VA On The Path to IVF Coverage for Vets
Aug 24, 2012 @ 08:30 AM — by Sonja Kristiansen, MD
The men and women who have served our country in the Armed Forces are on our minds more than ever lately. The numbers who are returning with medical needs of all kinds are staggering. Fortunately, many established service agencies are thinking ahead and new organizations to meet their needs are popping up all over.
Many of these troops are coming home with fertility issues they never thought they'd encounter. And while the Veteran's Administration has long provided coverage for limited fertility treatment, such as diagnostic tests and IUI, patients needing IVF to conceive have been left out of the VA picture.

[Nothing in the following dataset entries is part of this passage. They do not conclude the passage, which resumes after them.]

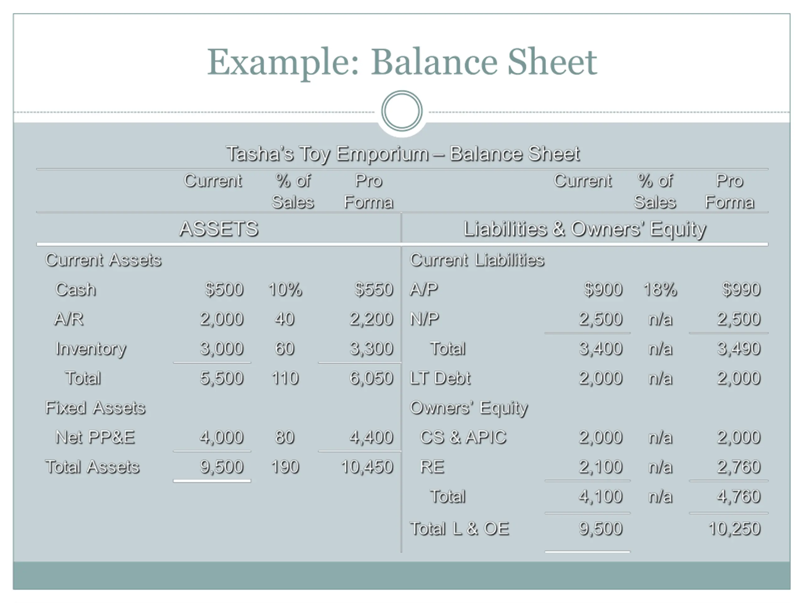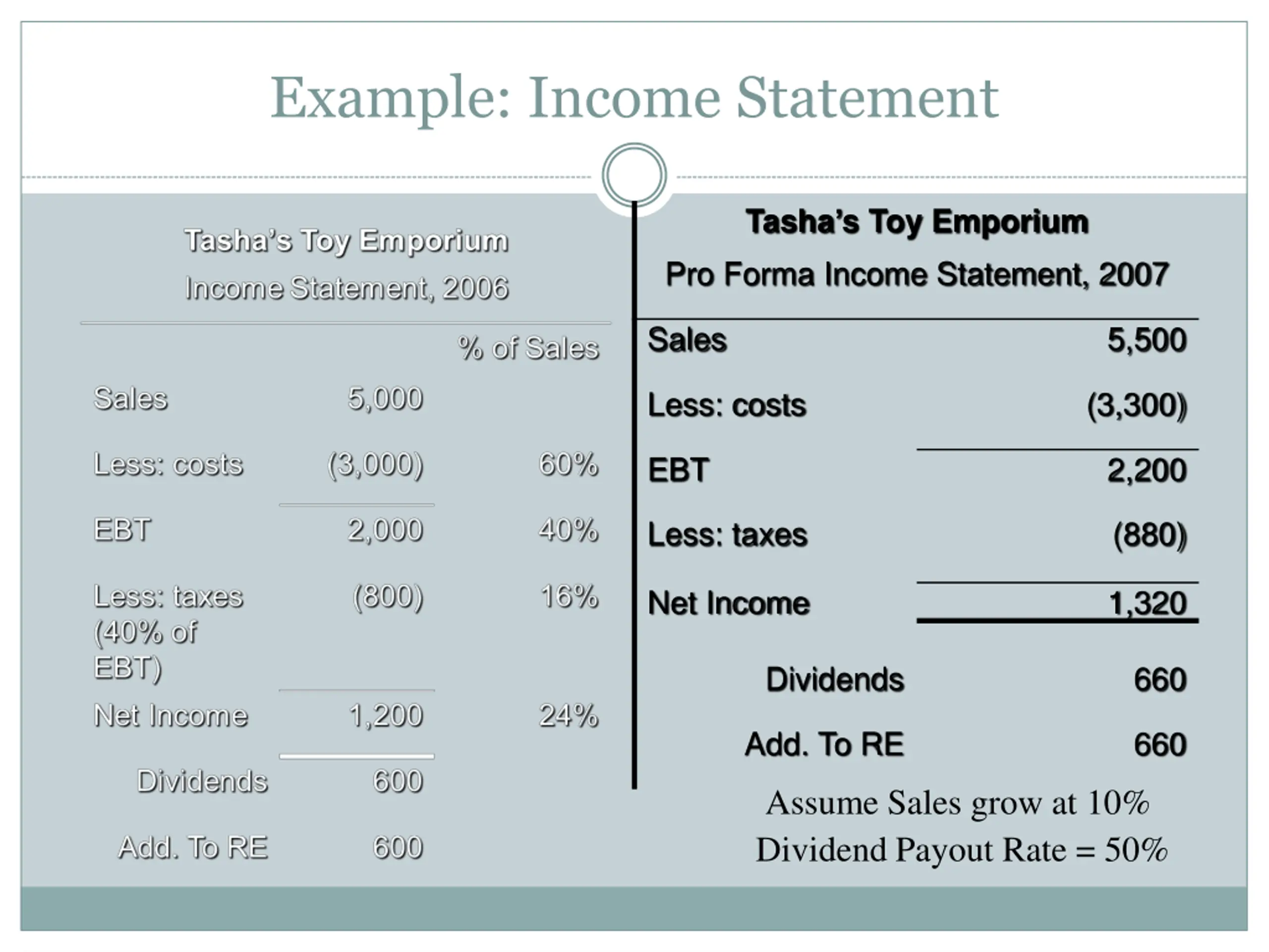 Example: Income Statement Tasha s Toy Emporium Pro Forma Income Statement, 2007 Sales 5,500 Less: costs (3,300) EBT 2,200 Less: taxes (880) Net Income 1,320 Dividends 660 Add. To RE 660 Assume Sales grow at 10% Dividend Payout Rate = 50%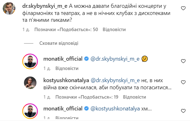 Інші підписники не зацінили локацію благодійного концерту та публіку. На ці звинувачення Дмитро відповів смайлами.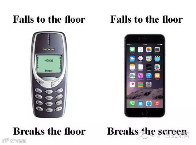 以前:Nokia掉地上,把地板打破了!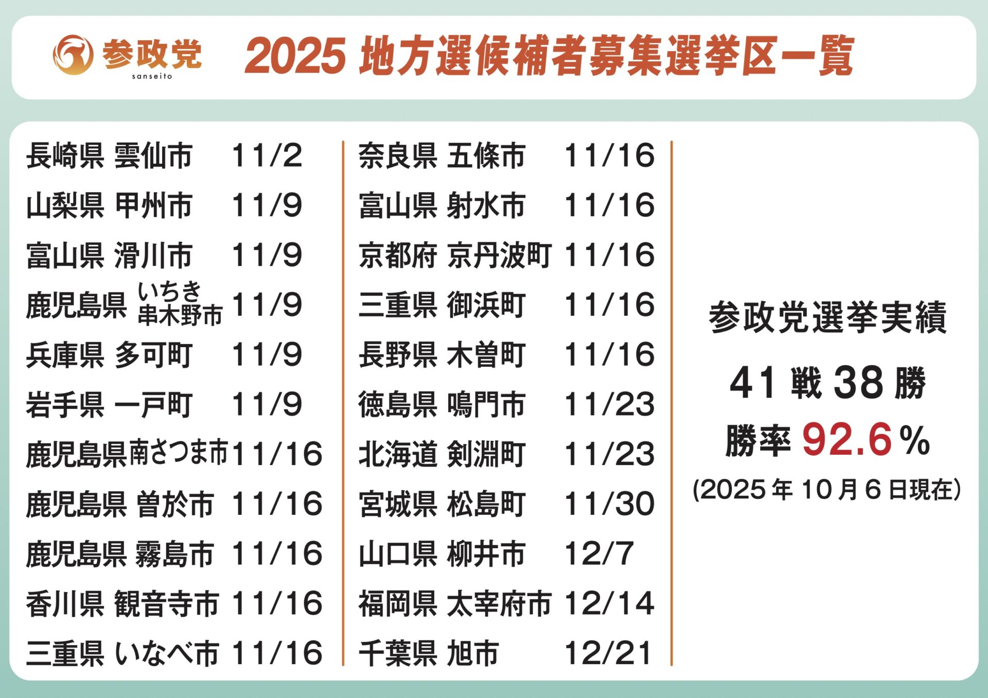「重点選挙区を中心に募集しているが、その他の地域でも公式ホームページで案内している。地域を良くしたいという志を持つ方の応募をお待ちしている」と述べました。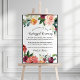 Cartaz de casamento elegante convida os convidados a não usarem dispositivos durante a cerimônia. O design apresenta uma grinalda de flores de verão e outono em aquarela rústica com belas rosas, dálias, flores de peônia e folhagens, em uma paleta de outono magnífica de vermelho burgundy, amarelo dourado, laranja pêssego, rosa rosado e tons de verde.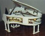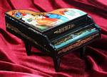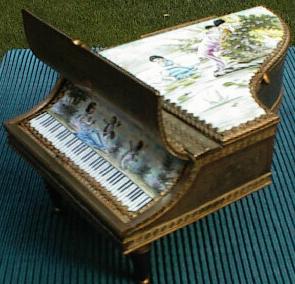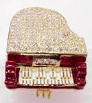 The gorgeous trinket box on the left is made primarily of metal, gold plated, with red and white epoxy coloring. It has 158 clear Austrian crystal stones. The top of the piano is removable and you can put small items in it. It has a magnetic closure. It measures 1 3/4" high by 2 1/2" long by 2 1/8" across and is quite heavy for its size. On the right is a musical Victorian miniature pianoforte and bench made in the 1" to 1' scale. It measures 4 3/4" across by 5 1/2" high with the lid open. |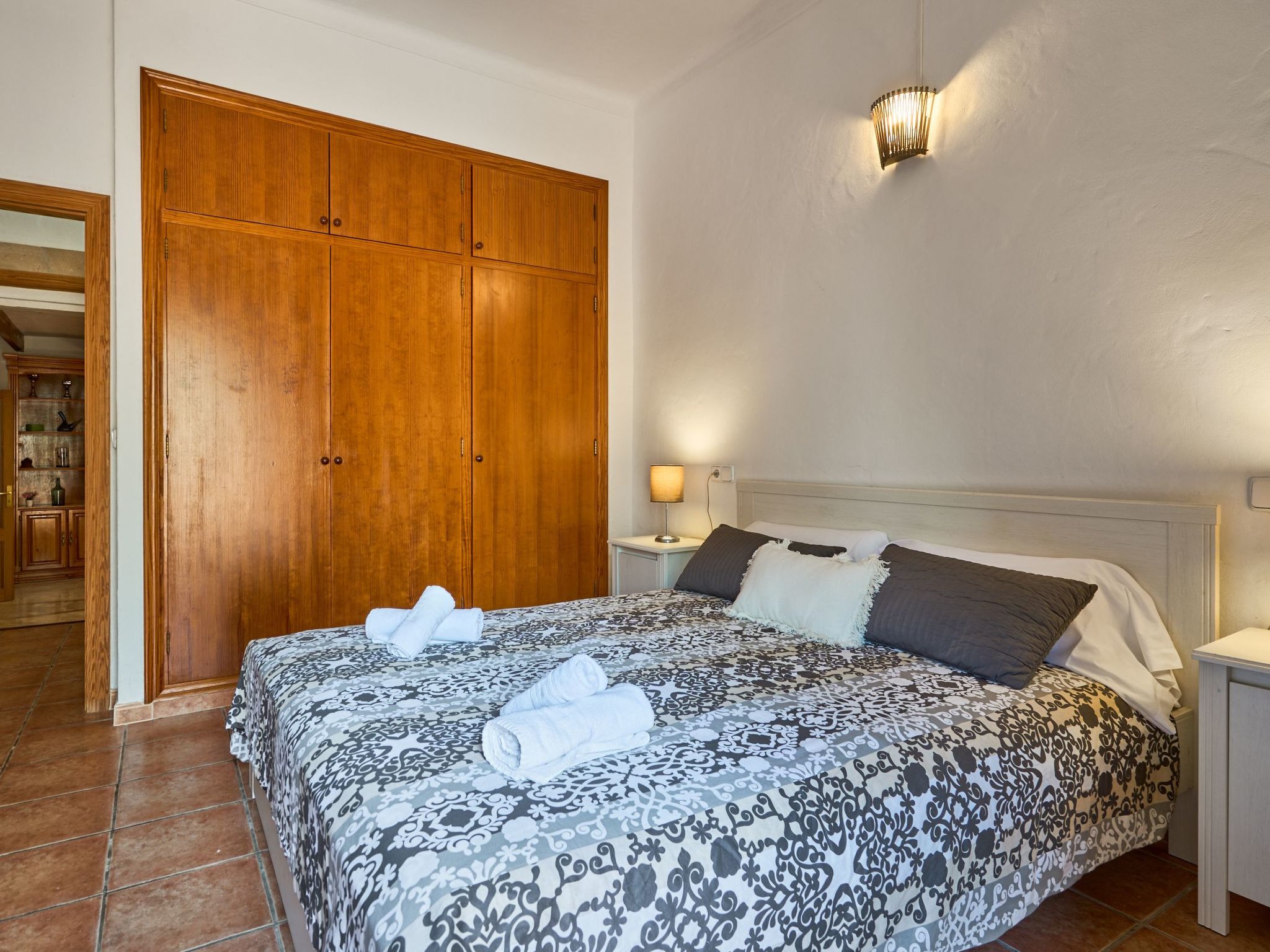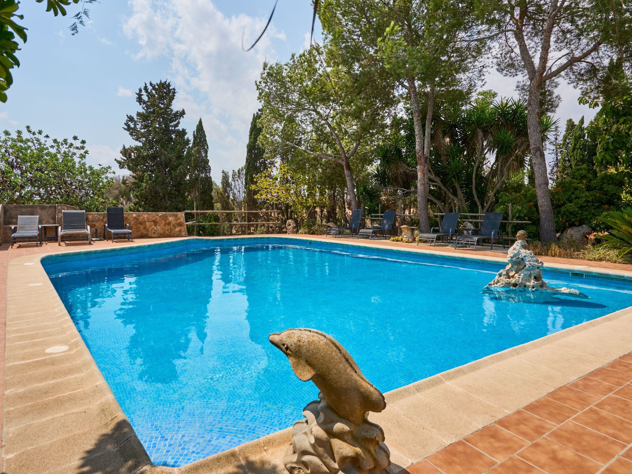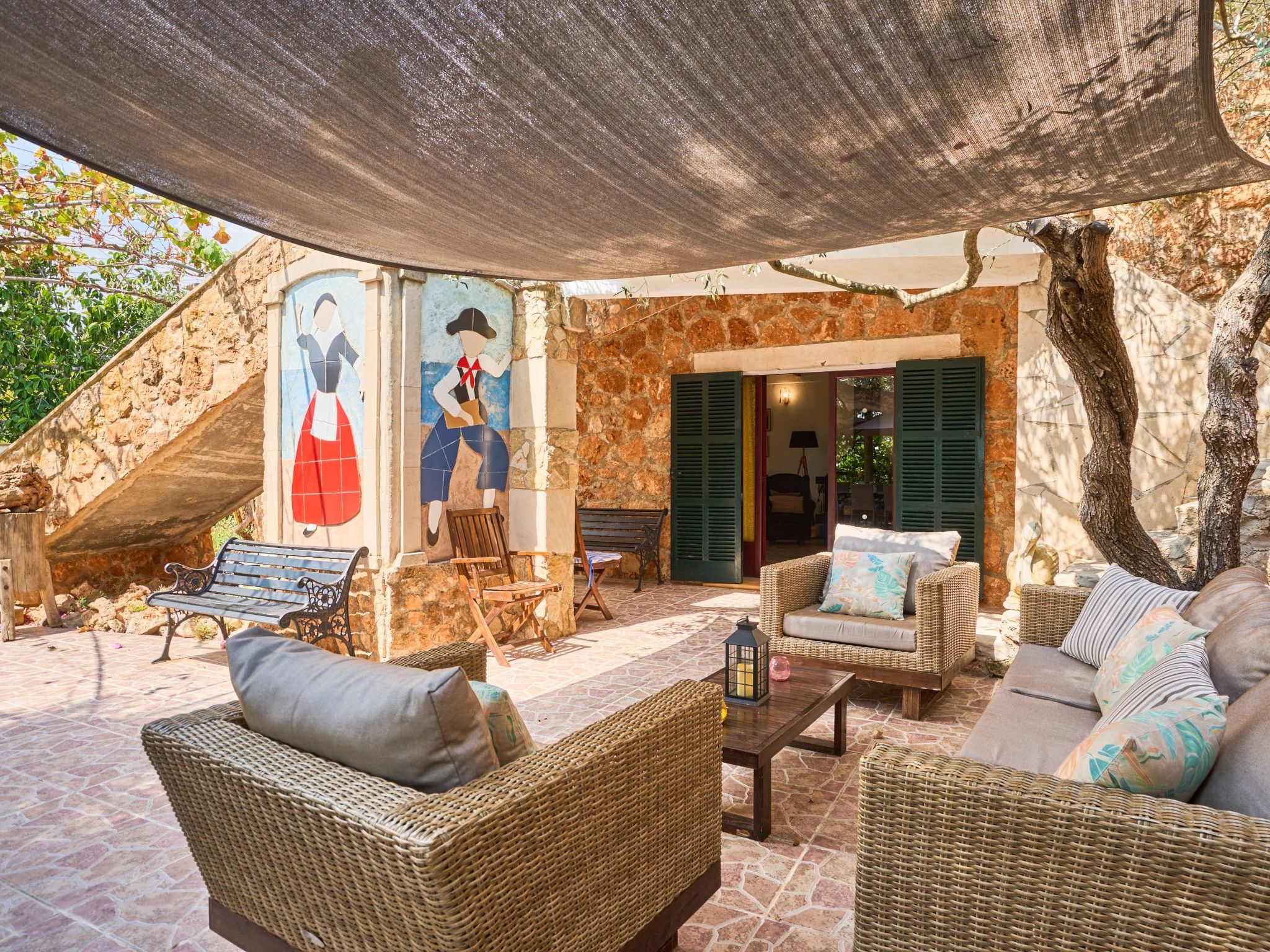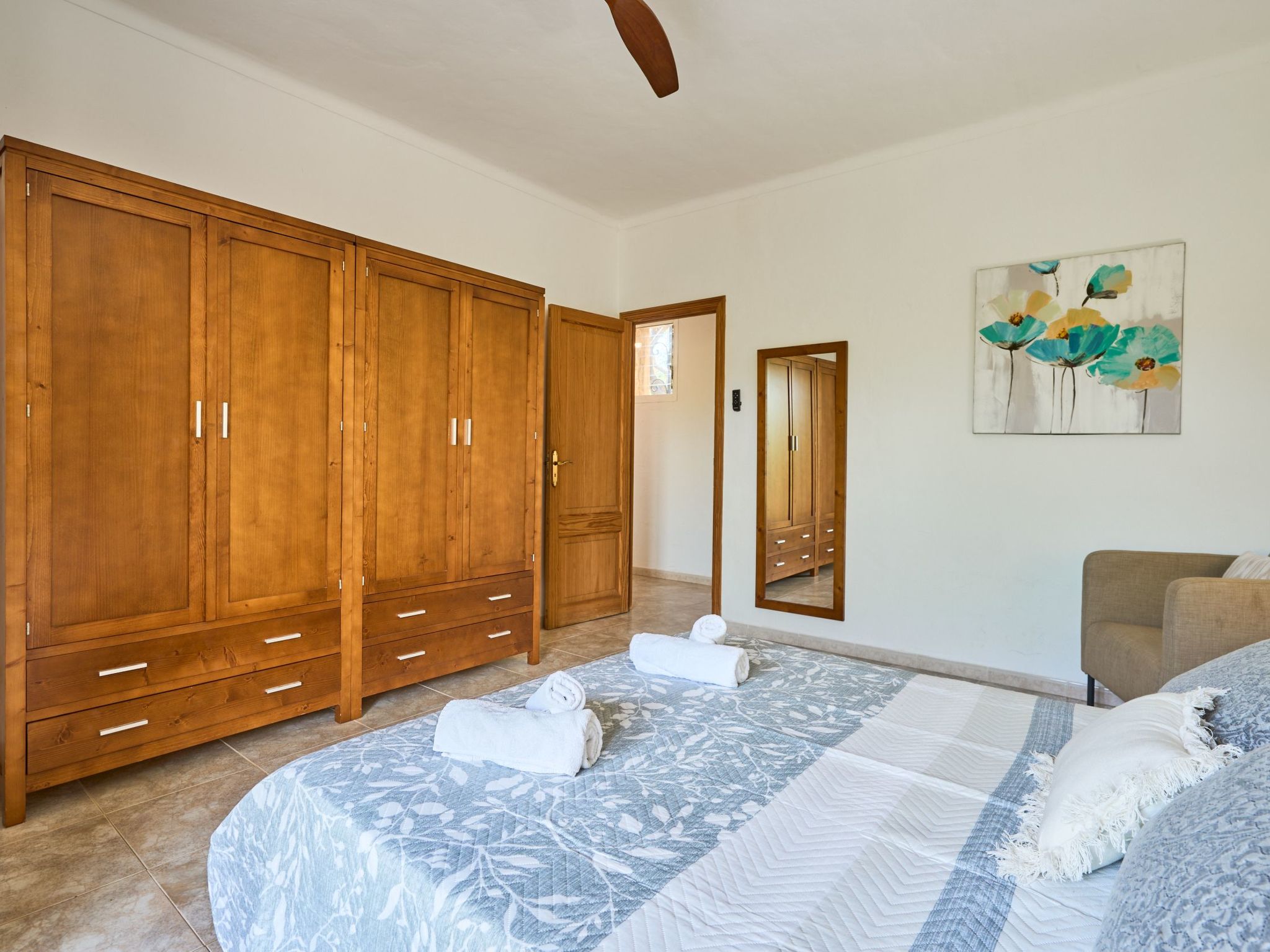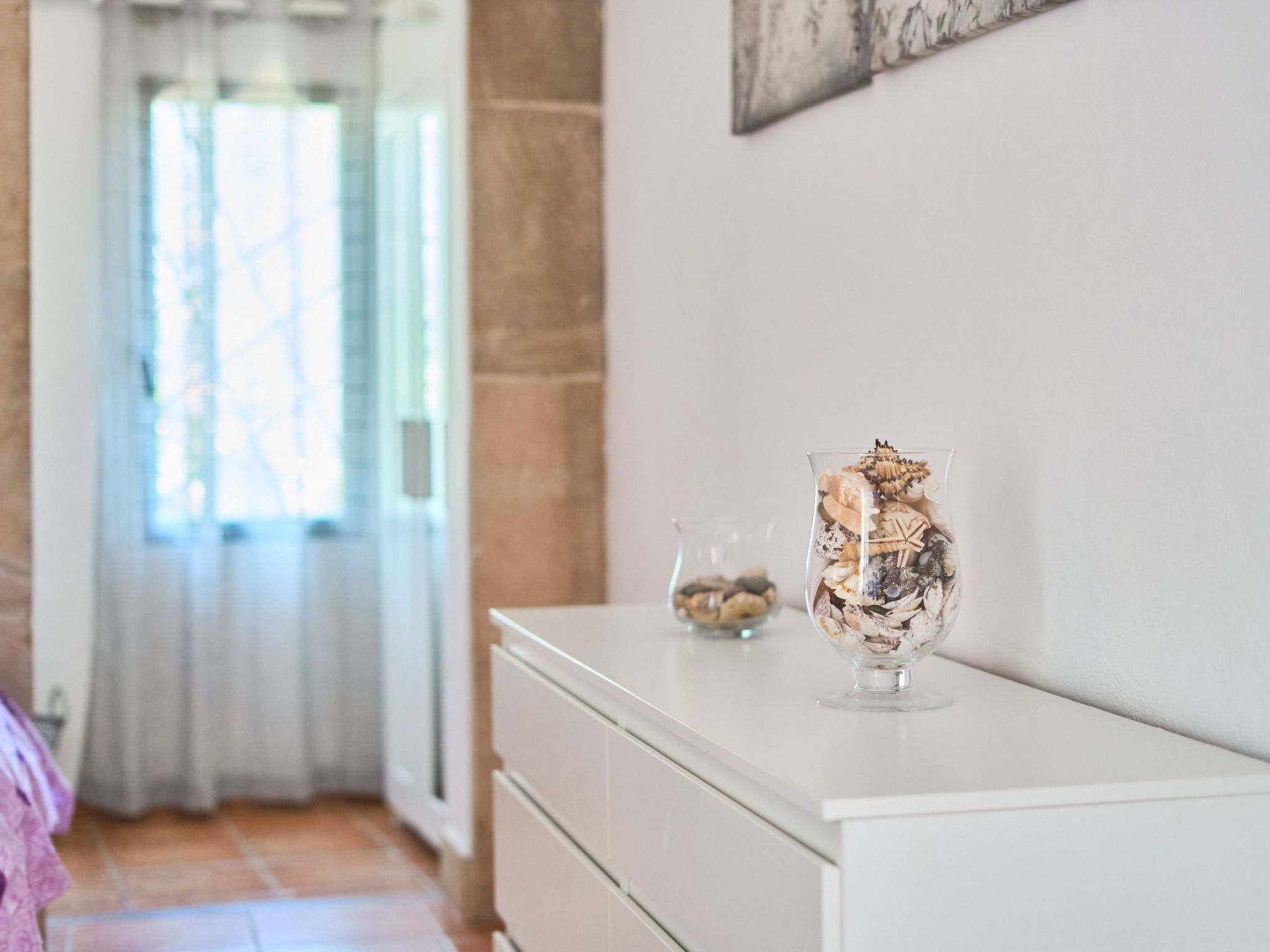 Beautiful single-storey stone finca with large living/dining area and adjoining spacious kitchen in a quiet location in the centre of Portocoloms. The finca offers 5 bedrooms, three with double beds, two with 2 single beds each. Two rooms share a full bathroom. The other three bedrooms each have an en suite shower room.

Now, there's a bill being considered by the Senate that would specifically allow the VA to cover IVF, among other expansions to fertility treatments covered.
From a recent Associated Press article on FoxNews:
More than 1,830 veterans of the wars in Iraq and Afghanistan have suffered pelvic fractures and genitourinary injuries since 2003 that could affect their abilities to reproduce, according to Pentagon figures provided to Sen. Patty Murray, the bill's sponsor and chairwoman of the Senate Veterans Affairs Committee.
Senator Murray, a Democrat from Washington state, says she hopes the committee will act on the bill after returning from August recess. I've been honored to help build families for men and women who've served the United States. A few years ago, I performed an egg retrieval and ICSI fertilization for a couple at Houston Fertility Center's central location while the husband looked via live video in Iraq. It was an exciting moment for all of us and a perfect example of how the combination of medical and communication technologies can enrich our lives. Houston Fertility Center has served several other veterans, and we regularly offer discounts to the men and women who are serving our country. Now, the Women Veterans and Other Health Care Improvement Act of 2012 seeks to increase the likelihood that all who need fertility care to build their families can access the types of assisted reproductive technology that are necessary for their situation. You can hear the related personal story of Staff Sgt Matthew Keil's family as they struggled with barriers to fertility treatment access, as told by Tracy Keil (the sergeant's wife, who has become a leading advocate of the proposed bill) at a Senate hearing earlier this summer.
Mrs. Keil says it best: "War time changes a family. It shouldn't take away the ability to have one."